• TASK BRIEF:
The lines from the one containing "- Könnyedén állítható" through the final line of the listing below are what the answer must repeat, exactly and only, leaving pictures out.
(DATASET CONTENT begins)
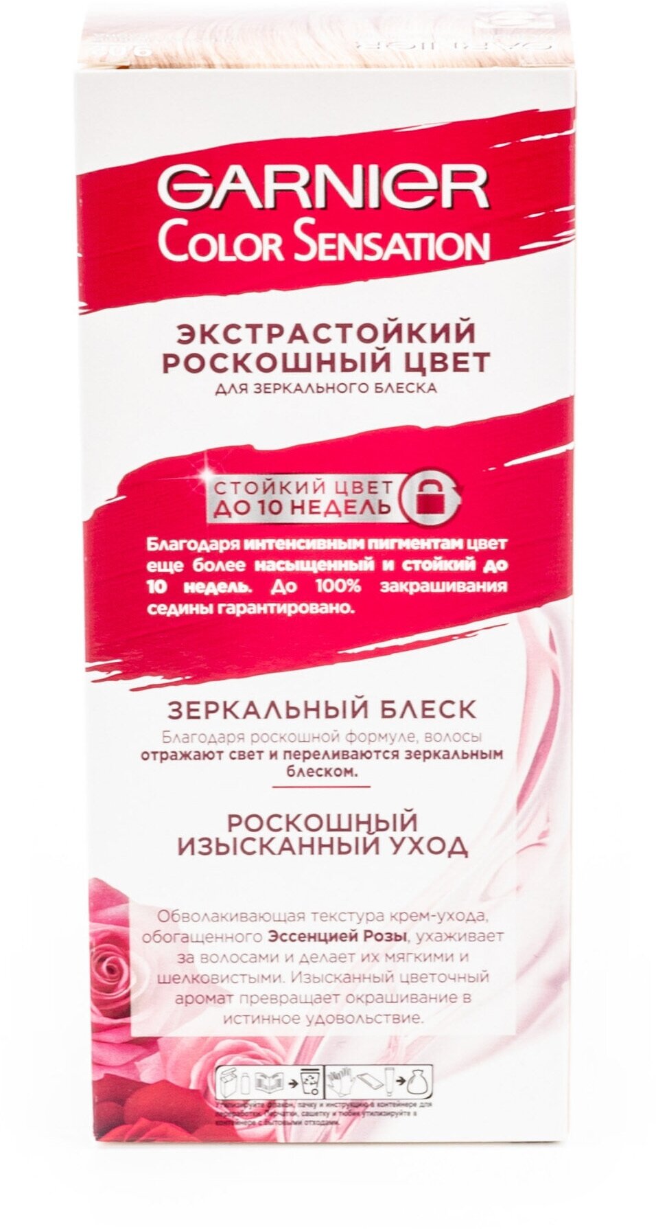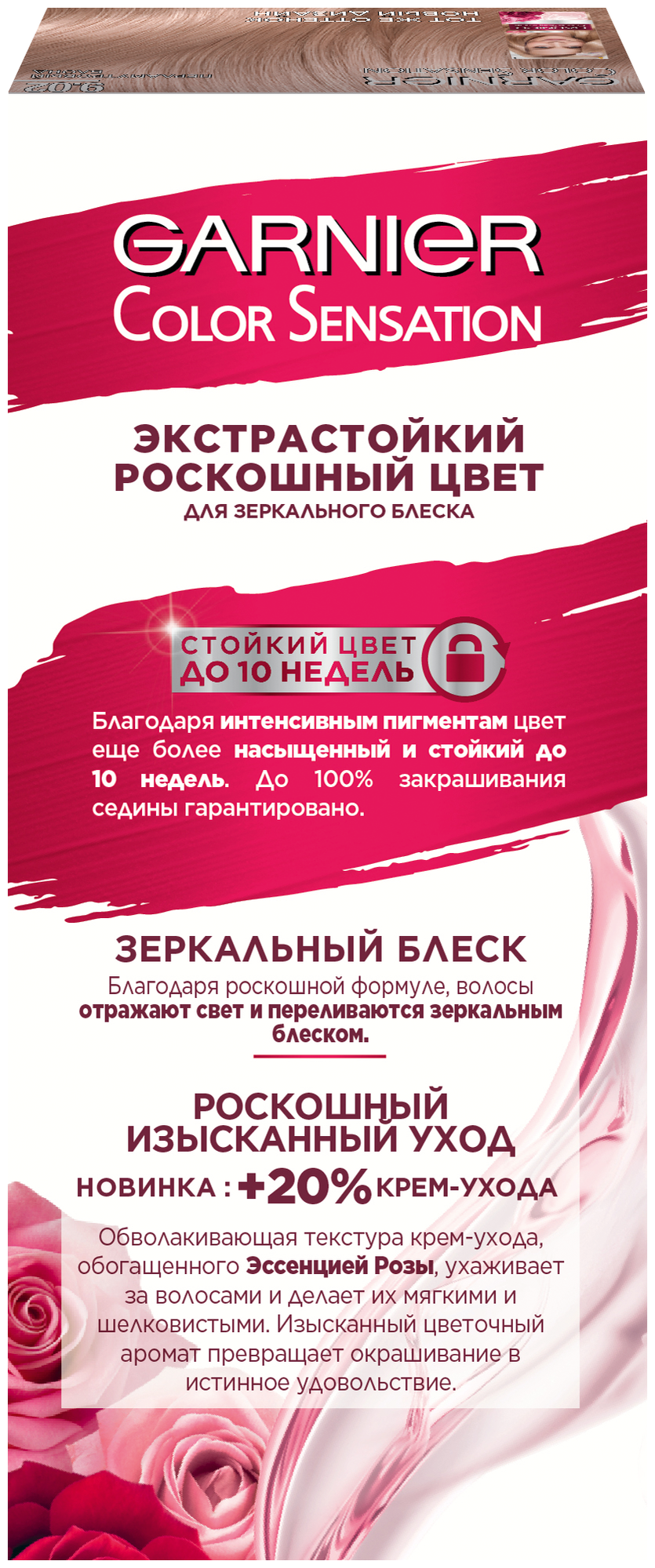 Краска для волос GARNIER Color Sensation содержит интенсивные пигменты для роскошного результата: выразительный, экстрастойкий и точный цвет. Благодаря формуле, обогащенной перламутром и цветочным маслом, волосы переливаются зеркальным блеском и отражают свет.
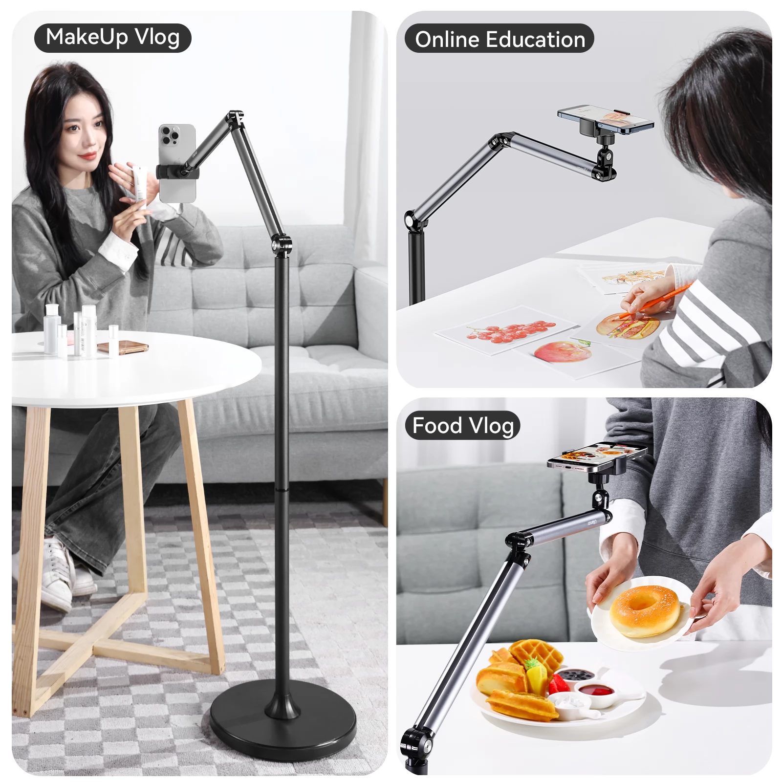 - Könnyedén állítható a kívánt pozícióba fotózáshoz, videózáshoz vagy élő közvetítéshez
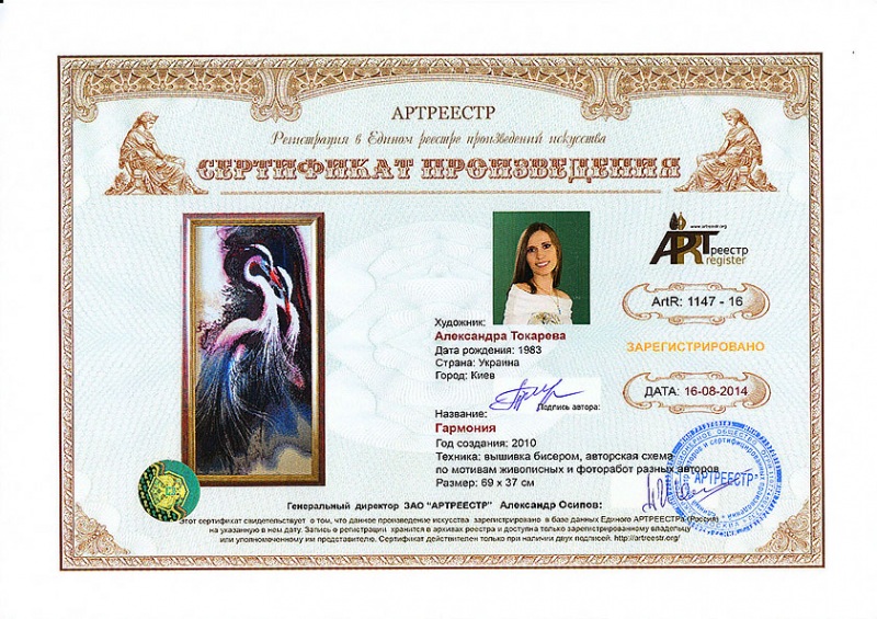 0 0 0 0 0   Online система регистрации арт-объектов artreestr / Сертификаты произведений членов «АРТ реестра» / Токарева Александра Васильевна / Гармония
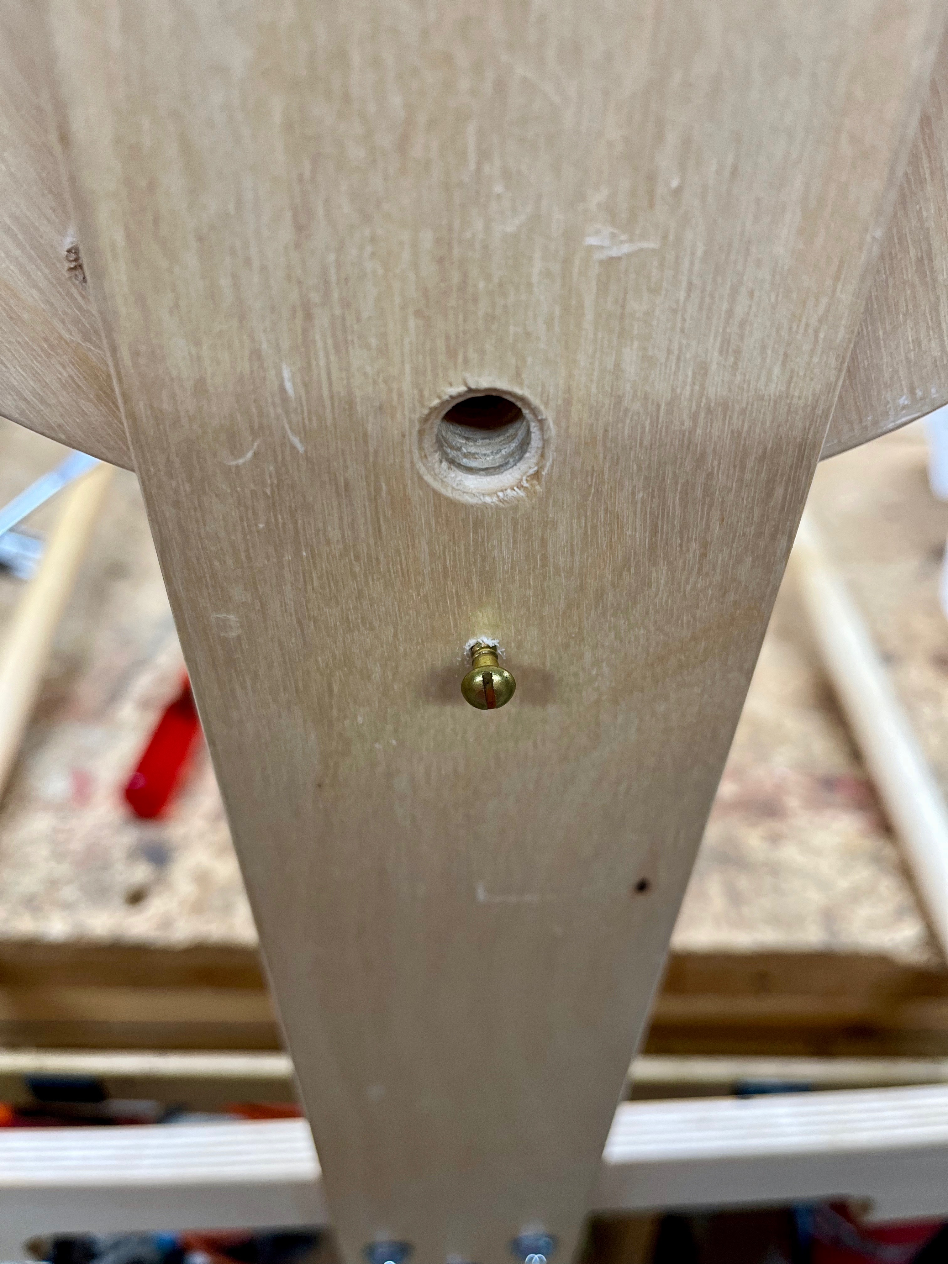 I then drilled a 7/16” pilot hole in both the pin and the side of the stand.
(DATASET CONTENT ends)
• ANSWER BELOW:
 - Könnyedén állítható a kívánt pozícióba fotózáshoz, videózáshoz vagy élő közvetítéshez
 0 0 0 0 0   Online система регистрации арт-объектов artreestr / Сертификаты произведений членов «АРТ реестра» / Токарева Александра Васильевна / Гармония
 I then drilled a 7/16” pilot hole in both the pin and the side of the stand.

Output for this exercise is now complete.